Scottish nature reserves to close amid avian flu concerns
The Isle of May reserve in the Firth of Forth is home to hundreds of breeding seabirds.

The Isle of May and Noss National Nature Reserves are home to hundreds of breeding seabirds.

Scotland's nature agency is closing two of its nature reserves in a bid to protect vulnerable seabirds from avian influenza.

NatureScot's Isle of May reserve, Firth of Forth, and Noss National Nature Reserve (NNRs), Shetland, are home to hundreds of breeding seabirds.

The reserves will be closed from 1 July in response to concerns over the spread and impact of the H5N1 strain of avian flu. 

NatureScot said that visitors can still enjoy the summer seabird spectacle at a distance and by taking round-island boat trips without coming ashore.

Eileen Stuart, NatureScot’s deputy director of nature and climate change, said the decision to close the
reserves had not been taken lightly.

“We are increasingly concerned about the devastating impact avian flu is having in Scotland, particularly on our seabird colonies,” she said.

"The situation has been rapidly evolving and deteriorating, and we feel at this time that restricting access to these sites, and reducing it at others, is a precautionary but proportionate approach that gives us the best chance of reducing the spread of the virus and its impact.”

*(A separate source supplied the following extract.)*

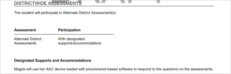 This page of the IEP notes the student’s participation level in both district and statewide assessments. Which assessments will the student participate in, and will they participate with or without designated supports/accommodations? What are those designated supports and/or accommodations?

She added: “We recognise that this will be disappointing for those planning a visit but we hope people understand that this is about protecting our precious seabird populations for the future. We will be keeping the situation under regular review over the coming weeks.”

Avian flu is widespread across Scotland, with positive cases recorded in Shetland, Orkney, St Kilda, Lewis and St Abbs. 

Great skua and gannets have been hardest hit by the virus, with research showing a 64 per cent decline of great skua on St Kilda and 85 per cent at Rousay in Orkney. 

Arctic tern, common guillemot and puffin have also tested positive.